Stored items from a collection
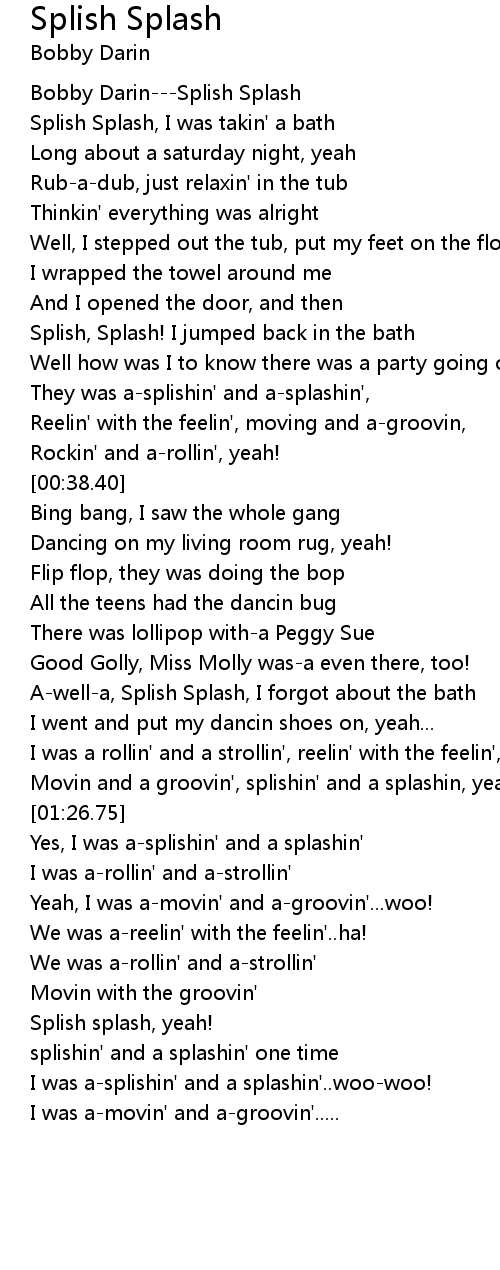 [01:07.18] A-well-a, Splish Splash, I forgot about the bath
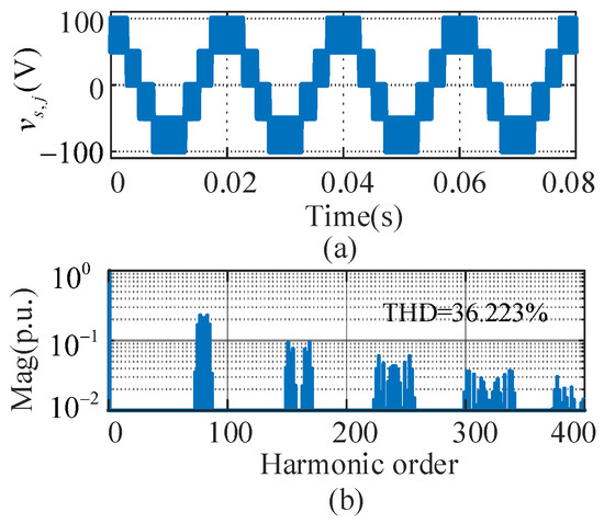 According to (12) and (14), if one of , and is equal to 0, the corresponding output-voltage harmonic components can be completely eliminated. The corresponding circulating current harmonic components can be completely eliminated if one of , and is equal to 0 in the same way. Specifically, if index m is odd/even, and index n is odd/even, equals to 0 in the expression of both Equations (11) and (13). As a result, odd side-band harmonics are eliminated in the output waveform and voltage of arm inductors around the odd carrier frequency multiples and the even side-band harmonics are eliminated in the output waveform and voltage of arm inductors around the even carrier-frequency multiples.
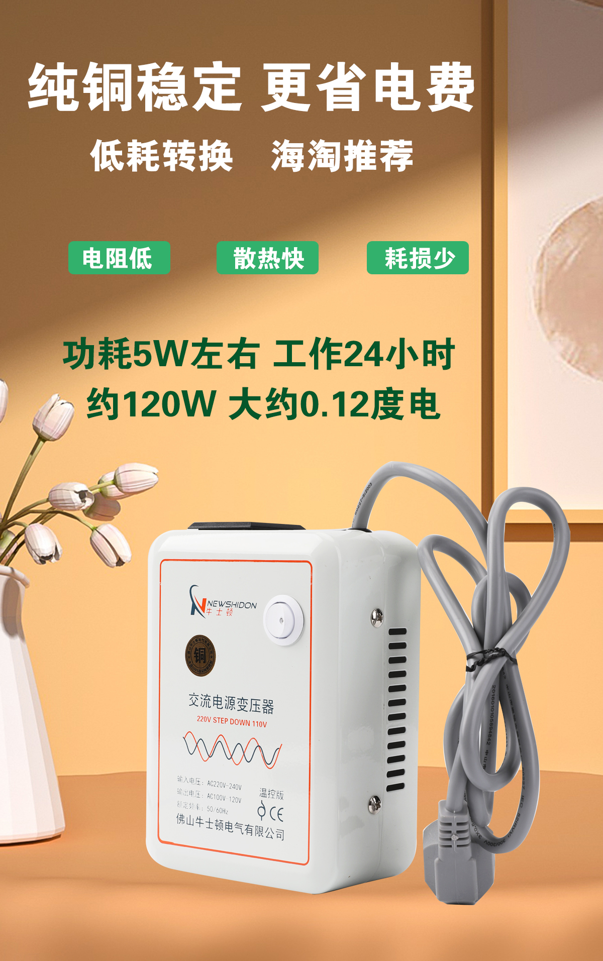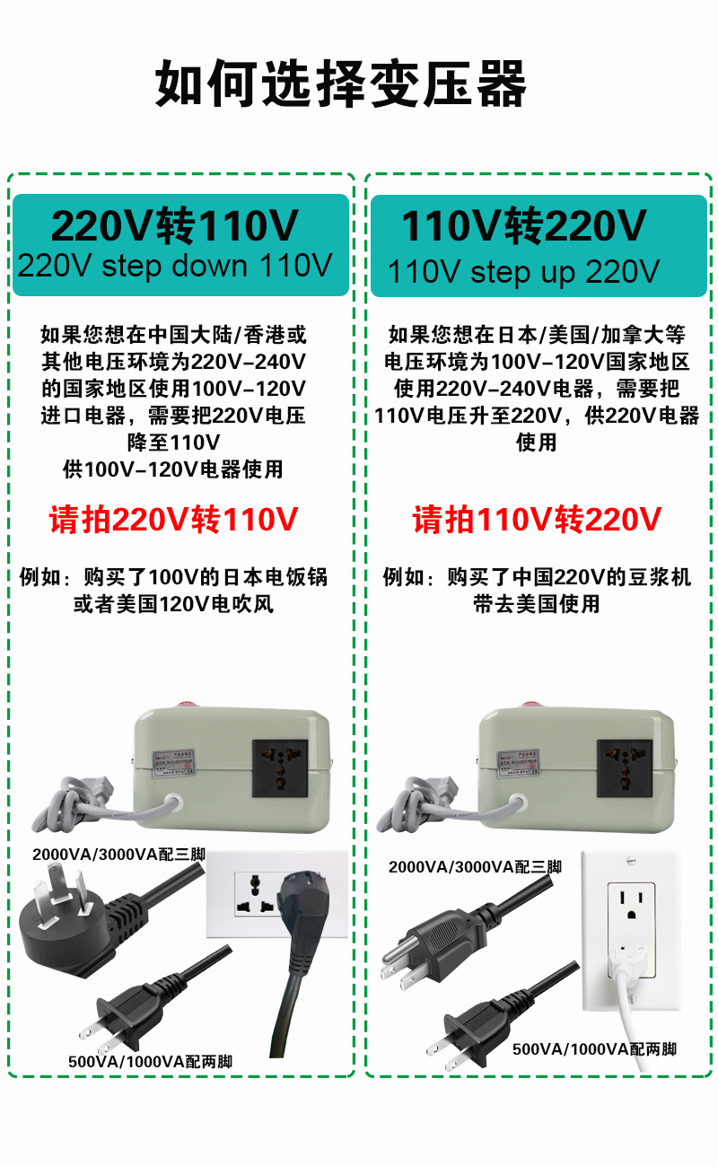 • 온도 조절 버전(110V ~ 220V2400VA)은 1200W 미만의 중국 전기 제품을 해외에서 사용하는 것이 좋습니다.
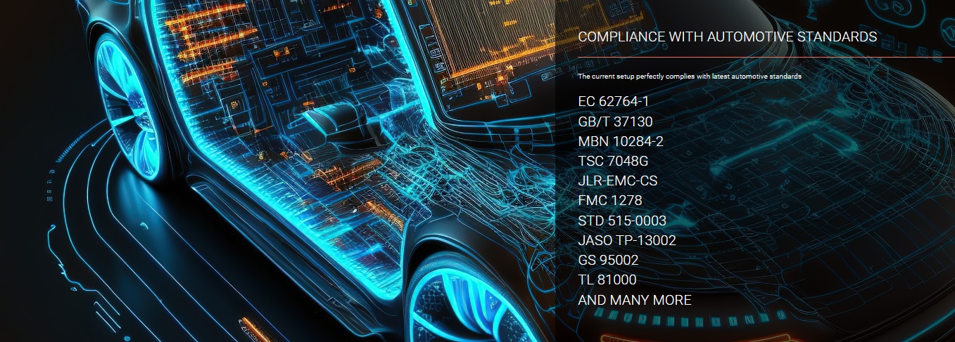 ソフトウェアは、最新の自動車標準に準拠するように設計されています。これにより、すべての動作モードで、車のシート、電気および電子コンポーネントを含む自動車のすべての側面を測定できます。ソフトウェアは、測定中に不合格/合格を示します (リアルタイム)。
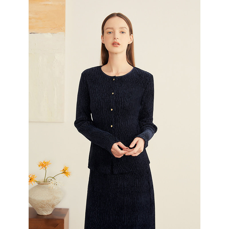 YINER音儿专选2025秋季新款法式手工褶艺收腰圆领丝绒衬衫上衣
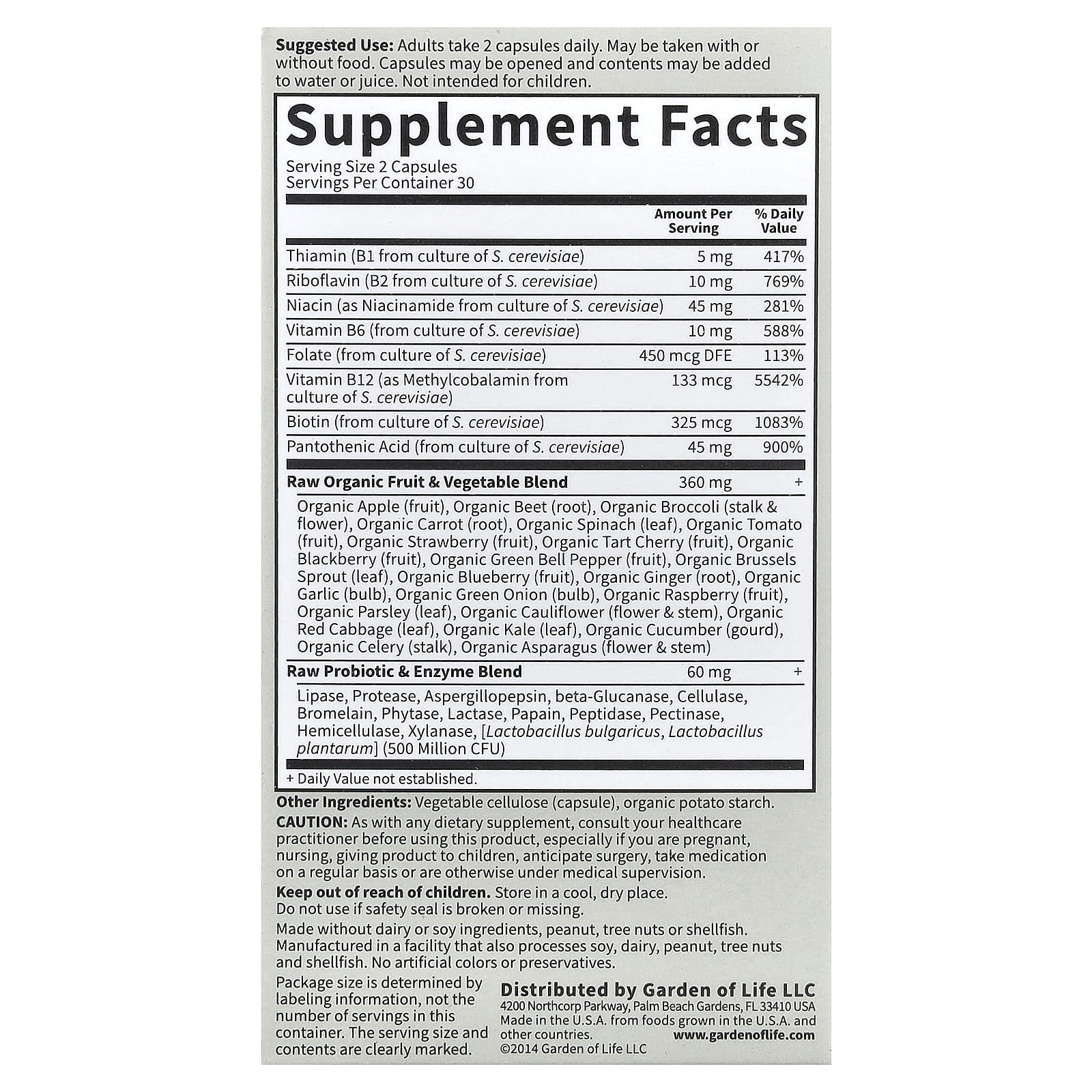 Garden of Life Vitamin Code RAW B-Complex 60 Cápsulas Veganas – Garden of Life Suplementos Vitaminas Vitamina B Complexo de Vitaminas B.
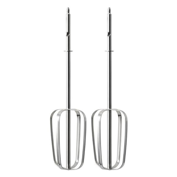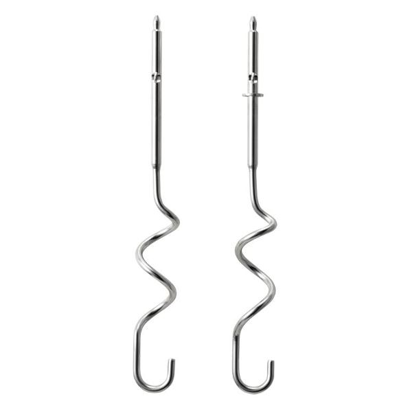 Пять скоростей работы (от 670 об/мин до 1150 об/мин) позволяют подобрать наиболее подходящий режим. Переключатель находится на внешней стороне рукоятки. Менять настройки удобно одним пальцем, не прерывая работы. Рядом расположена кнопка отсоединения насадок. В комплекте их две пары: венчики для приготовления смесей легких текстур и крюки — для более густых и вязких. Насадки цельнометаллические и не имеют пластиковых соединений.

▶ **Task objective**:
Repeat only the lines from the one with "사용하는 것이 좋습니다." through the end of the data, both included and exactly as written. Pictures stay out of the copy.

▶ **Solution to this exercise**:
 • 온도 조절 버전(110V ~ 220V2400VA)은 1200W 미만의 중국 전기 제품을 해외에서 사용하는 것이 좋습니다.
 ソフトウェアは、最新の自動車標準に準拠するように設計されています。これにより、すべての動作モードで、車のシート、電気および電子コンポーネントを含む自動車のすべての側面を測定できます。ソフトウェアは、測定中に不合格/合格を示します (リアルタイム)。
 YINER音儿专选2025秋季新款法式手工褶艺收腰圆领丝绒衬衫上衣
 Garden of Life Vitamin Code RAW B-Complex 60 Cápsulas Veganas – Garden of Life Suplementos Vitaminas Vitamina B Complexo de Vitaminas B.
 Пять скоростей работы (от 670 об/мин до 1150 об/мин) позволяют подобрать наиболее подходящий режим. Переключатель находится на внешней стороне рукоятки. Менять настройки удобно одним пальцем, не прерывая работы. Рядом расположена кнопка отсоединения насадок. В комплекте их две пары: венчики для приготовления смесей легких текстур и крюки — для более густых и вязких. Насадки цельнометаллические и не имеют пластиковых соединений.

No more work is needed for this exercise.